В кабинете Касьянов просмотрел дела беглецов. Молодые — одному двадцать, остальным по двадцать два. На цугундер всех притянули по первому разу, за кражу кабеля с родного завода — триста метров, в руку толщиной, медного кабеля стоили солидно. Вычислили парней быстро, буквально через два часа, тем же утром. Они как раз взвешивали кабель в пункте приема цветного металла, расположенного среди частных гаражей. Обычно за такие грехи не сажали, обходились подпиской о невыезде. Но эти воришки совершили ошибку, приняв на грудь по стакану водки, они слишком нагло и агрессивно встретили подъехавший патруль, за это и загремели в ИВС — чисто в воспитательных целях. Двухсуточное пребывание в камере с десятком более опытных и агрессивных уголовников не понравилось парням, и они не упустили шанс дернуть на свободу с благословения покойного Свинореза.

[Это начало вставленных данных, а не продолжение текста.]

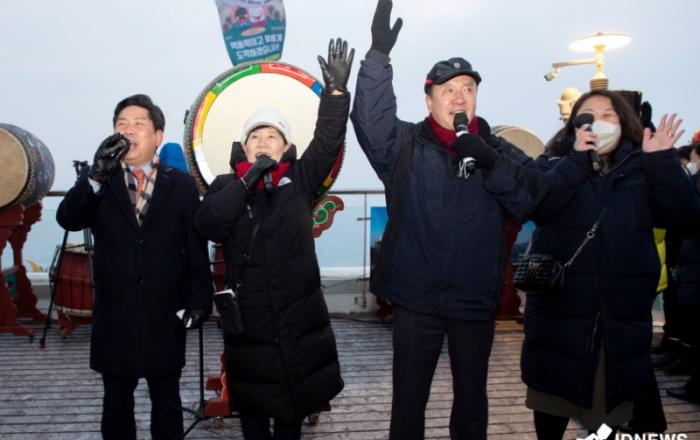 ▲2023 해맞이행사(시장 시의장 국회의원)제천시는 2023 새해 첫날 비봉산 정상에서 김창규 시장을 비롯해 이정임 의장, 엄태영 국회의원, 시민 등 400여명이 참석한 가운데 청풍호반 케이블카 일원에서 ‘2023년 새해맞이 시민화합 해맞이 행사’를 개최했다. 이날

С колодниковскими кадрами Касьянов решил не связываться, на задержание он взял группу немедленного реагирования — ГНР. Они должны первыми выезжать на происшествия, определять, есть ли состав преступления, при необходимости производить первичное расследование и находиться на месте до приезда опергруппы. ГНР состояла всего-то из трех человек — шофера и двух опытных оперов Пунаева и Русакова.

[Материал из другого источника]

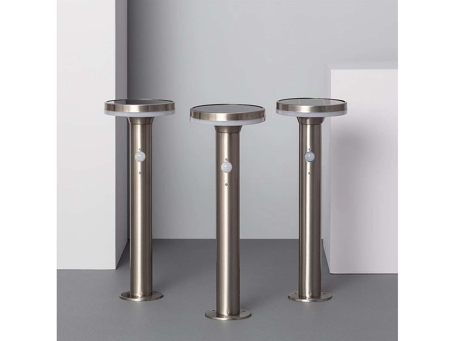 Balise LED Solaire Extérieure Helios Inox 6W en Saillie sur Pied 45cm avec Détecteur de Mouvement Helios Inox 4000K Blanc neutre

Машину они оставили за углом дома, шофер должен был подстраховать их, если кто-нибудь решится спрыгнуть с четвертого этажа. Осторожно, стараясь не шуметь, подошли к квартире. Касьянов долго стоял у двери, приложив ухо к многократно перекрашенной фанере, слушая тишину, пока не уловил далекие, приглушенные голоса. Этому он научился у Мазурова, пару раз участвуя с ним в задержании.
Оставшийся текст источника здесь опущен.